* Dataset content:
· · · · ·

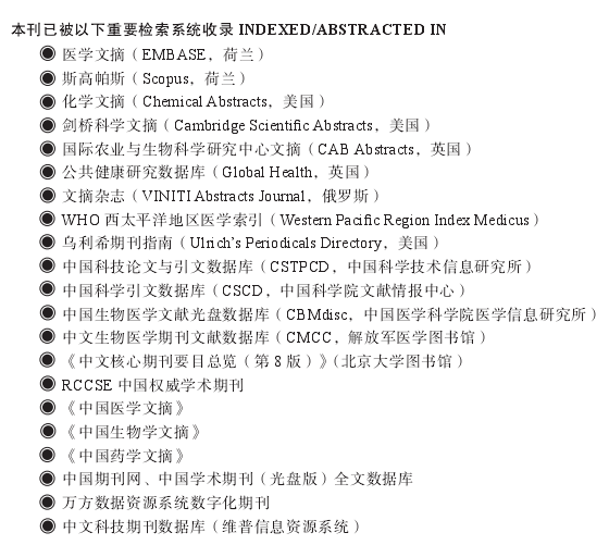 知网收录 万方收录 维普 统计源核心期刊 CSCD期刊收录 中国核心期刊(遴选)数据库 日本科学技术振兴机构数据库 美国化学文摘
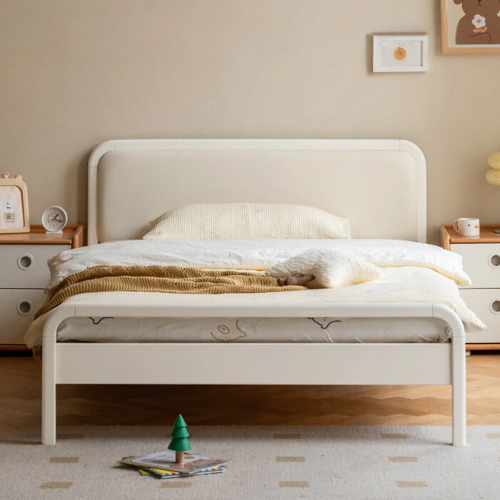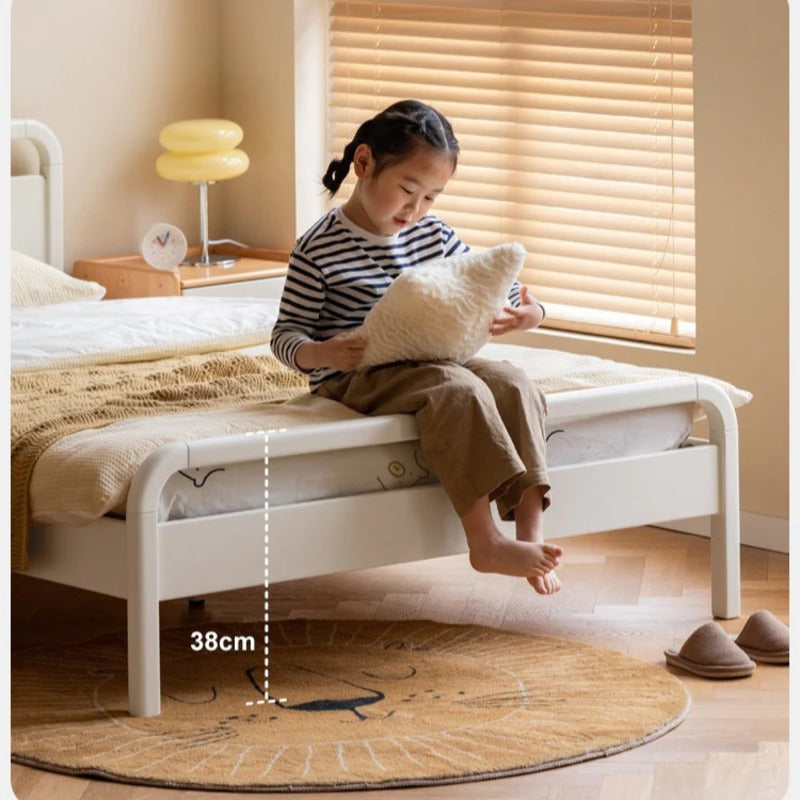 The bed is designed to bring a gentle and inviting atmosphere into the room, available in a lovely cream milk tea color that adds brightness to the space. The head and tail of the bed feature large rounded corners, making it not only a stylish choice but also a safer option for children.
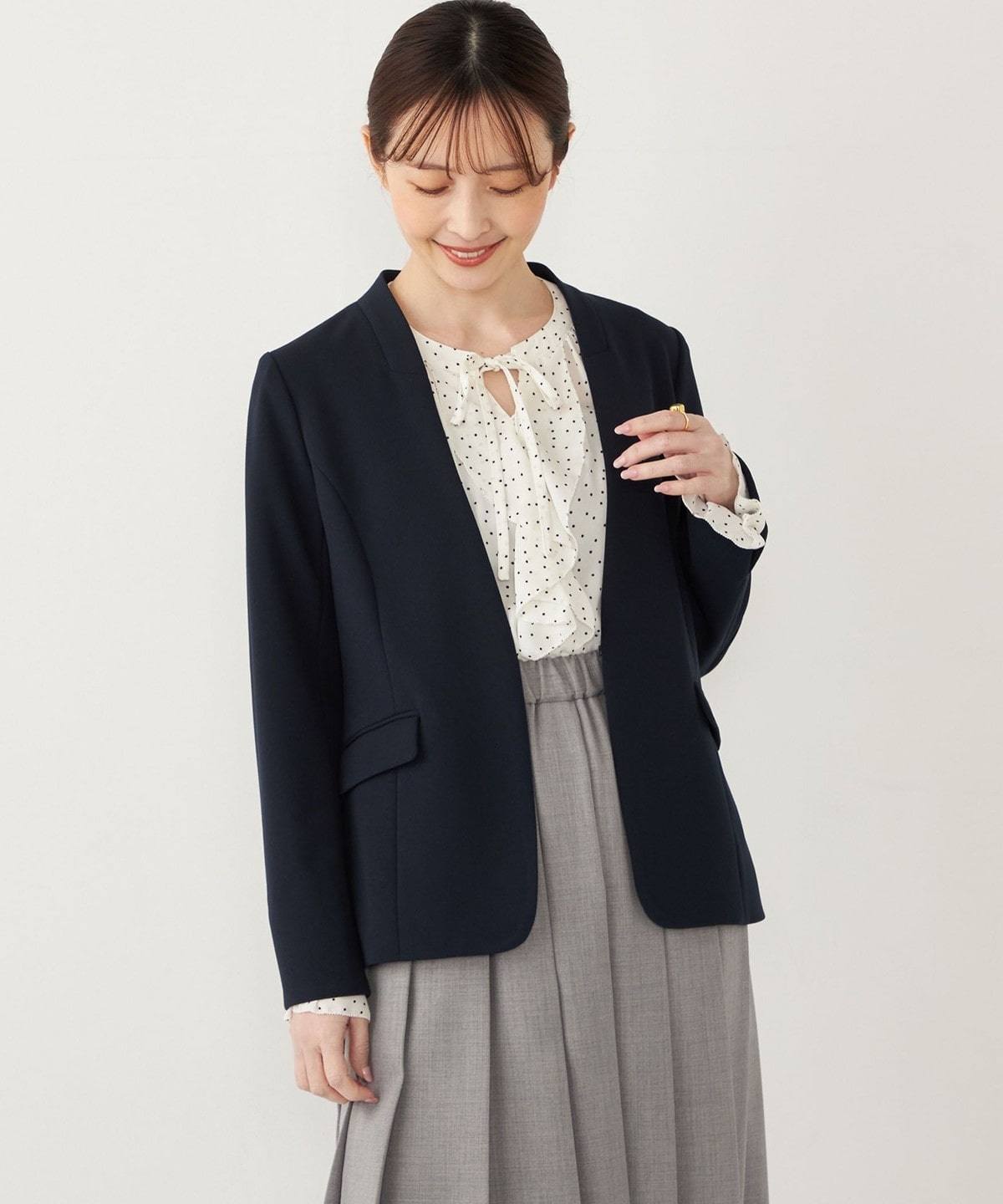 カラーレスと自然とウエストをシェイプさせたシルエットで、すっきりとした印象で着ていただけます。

· · · · ·

Skip the pictures, then return the rest of the data exactly.

* Output of the task:
 知网收录 万方收录 维普 统计源核心期刊 CSCD期刊收录 中国核心期刊(遴选)数据库 日本科学技术振兴机构数据库 美国化学文摘
 The bed is designed to bring a gentle and inviting atmosphere into the room, available in a lovely cream milk tea color that adds brightness to the space. The head and tail of the bed feature large rounded corners, making it not only a stylish choice but also a safer option for children.
 カラーレスと自然とウエストをシェイプさせたシルエットで、すっきりとした印象で着ていただけます。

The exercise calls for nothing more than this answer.